Can you describe a working session with patients?
My go-to activity is transplanting tabletop plants so patients can feel the dirt and touch plant material. One of my favorite activities is letting patients mix the soil with their gloved hands rather than with a trowel. It has a nice feeling while being meditative. Somebody with limited hand movement can start to move their fingers a little bit. Flower arrangement is a favorite among the patients and meets cognitive goals as individuals must listen and follow instructions.
Regardless of previous experience with plants or nature, any patient can benefit from horticultural therapy. Any plant-related activity can address a rehabilitation goal, whether it’s practicing standing endurance, dynamic balance, strengthening, or following sequential instructions. And everyone benefits from a change of scenery away from the gym on the unit. Patients who were gardeners before the injury or illness that brought them to MossRehab are perfect candidates for horticultural therapy. I take these individuals outside to the garden and show them the raised beds where they can work from a seated or standing level. I introduce different tools to support any weakness in their upper or lower body. Acquainting patients with adaptive methods encourages them to continue gardening.

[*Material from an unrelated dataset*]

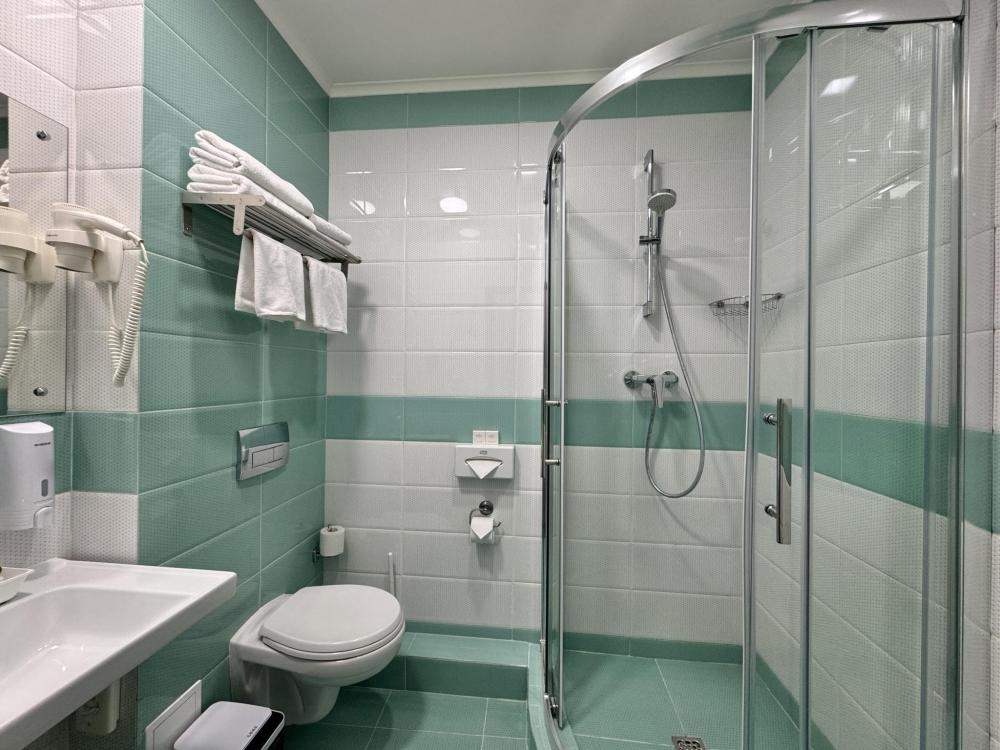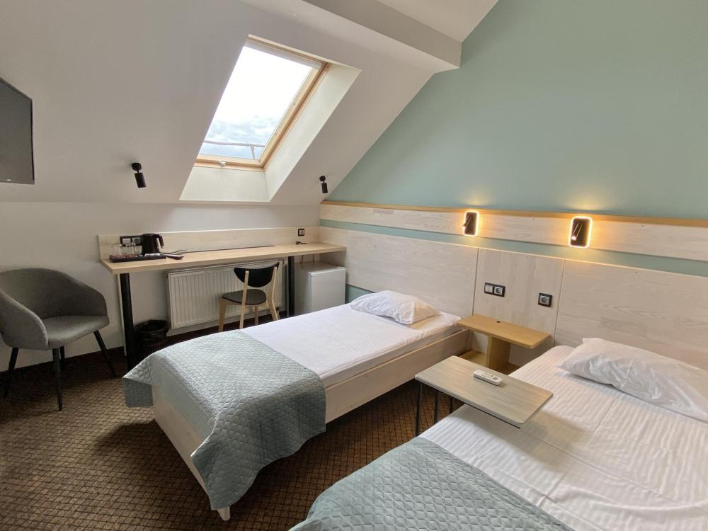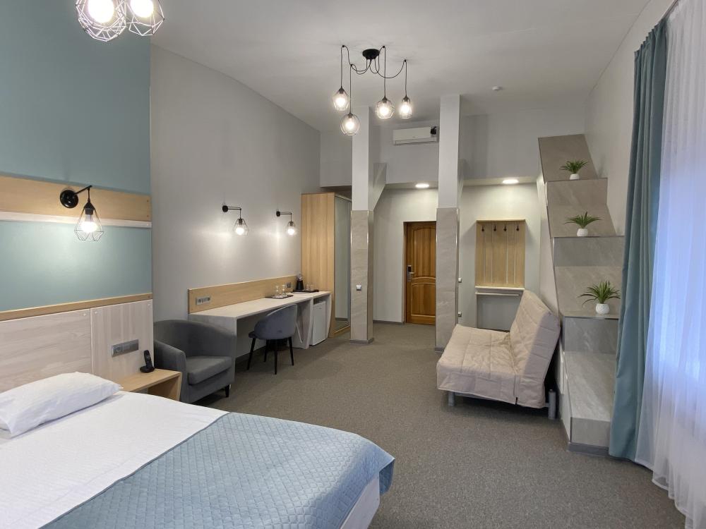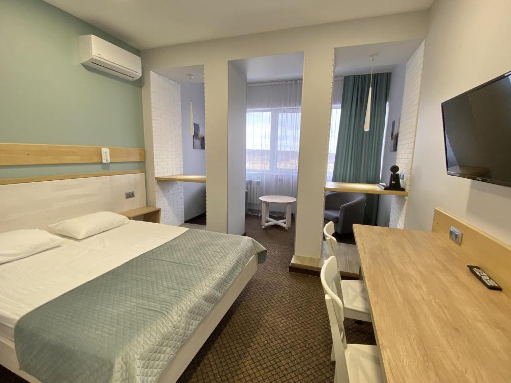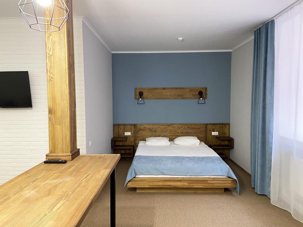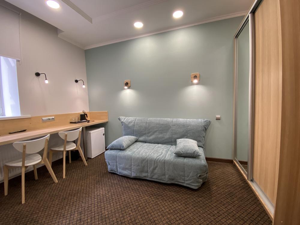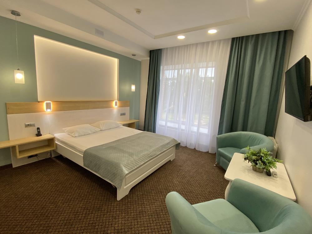 Стандартные уютные номера рассчитанные на проживание 1-го человека. Номера укомплектованы: просторной двуспальной кроватью, ЖК-телевизором, душевой, сан. узлом, выходом в Интернет. Общая площадь номера – 17 кв. м.

Scientific research is beginning to prove that plants have a positive physical and cognitive effect on human beings. One of my goals is to show people that connecting with nature in some way, such as visiting a local park for a walk or keeping houseplants in the home, can provide a meaningful and restorative leisure experience.
What inspires you on the job?
The patients and how they are proud and excited when finishing a project. It's almost magical to see their faces light up when entering the conservatory or seeing their completed project. I have incredible respect for the therapists with whom I work. They are knowledgeable, well-trained in their profession, and very kind. It’s a respectful and collaborative work environment.
I’m also touched by the exchanges I witness between families and patients when they visit the showroom early in the evening when it’s quiet and intimate. They communicate differently in this space than they would in the hospital room.
What are your interests outside of work?
I'm very passionate about art. I have volunteered on an exhibit committee for a local art organization in my community. I’m also involved with promoting the field of horticultural therapy in healthcare and other settings where the practice can make an impact. I served as president of the Mid-Atlantic Horticultural Therapy Network (MAHTN) for four years and was on the board for 10. For leisure, I like to be outdoors, hiking, biking, or kayaking. I live near the Delaware River, so I am on the river or visit green spaces throughout the region.
What is the last book that you read?
On my nightstand is Oliver Sacks’ biography. I enjoy looking at horticulture and art books for inspiration.
What's something people don't know about you?
Horticultural therapy is a second career for me. Earlier, I had a diverse series of work experiences. I worked on an archaeology dig at the South Street Seaport in New York, examining the foundations of a block of Old Dutch houses. During that project, we found and excavated an 18thcentury merchant ship that was buried as a landfill.
What is your life motto?
Always have a positive attitude. If you work on being positive, it becomes an automatic attitude. There is a quote from Albert Einstein that I like that says, “Look deep into nature and you will understand everything better.” That’s how I feel about nature.